EXERCISE DESCRIPTION:
The lines from the top of the material through the line with "Action from last" are to be set down exactly. Leave the pictures out.

SOURCE DATA below:

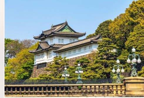
The Imperial Palace
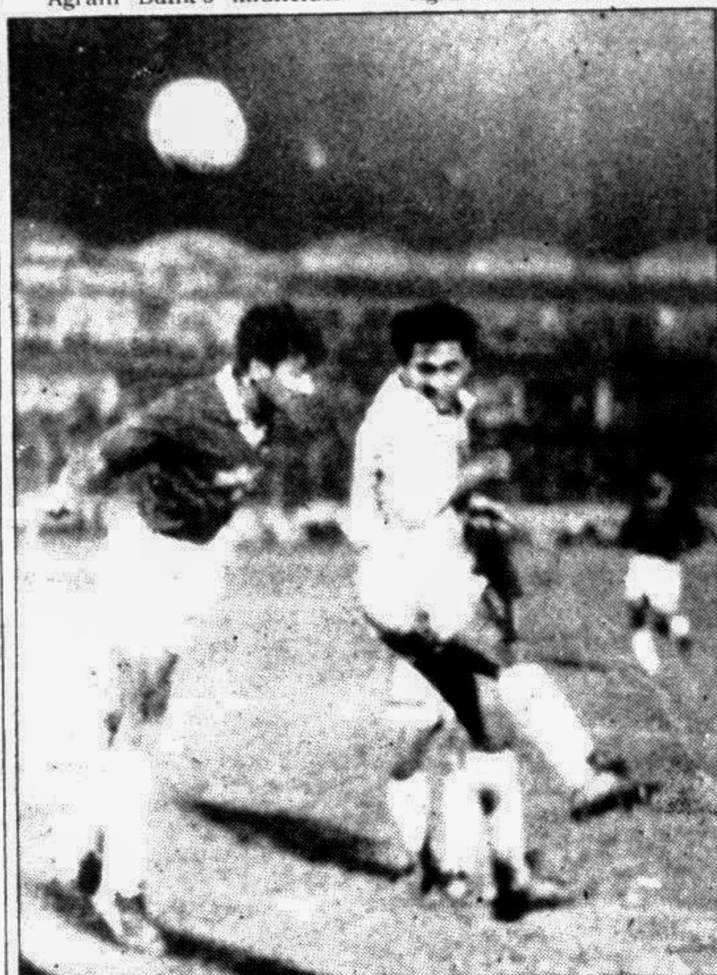
Action from last night's Star Premier Division football league encounter between Abahani Krira Chakra and Agrani Bank at the Dhaka Stadium. Abahani won the match 3-2.

Lowly, Agrani Bank bungled a genuine prospect of pulling off their second giant-killing act in a week as title aspirants Abahani Krira Chakra twice came back from behind to beat them 3-2 in a pulsating Star Premier Division football league encounter at the Dhaka Stadium last evening. Struggling to avoid relegation to Star First Division, Agrani Bank, who had handed strong Brothers Union their first defeat last Friday, yesterday twice shot into the lead in a goal-strewn first half that saw all the five goals scored in a heady exhibition of some positive, pacy soccer and shabby goalkeeping particularly by the Bank custodian. Abahani, who were recently caught in a whirlpool of draws, having shared points with the powerful Muktiyoddha Sangsad following yet another barren battle with an unfancied Public Works Department yesterday found themselves a goal down before settling down. Agrani Bank's midfielder

End of SOURCE DATA.

SOLVED PROBLEM:
The Imperial Palace
Action from last night's Star Premier Division football league encounter between Abahani Krira Chakra and Agrani Bank at the Dhaka Stadium. Abahani won the match 3-2.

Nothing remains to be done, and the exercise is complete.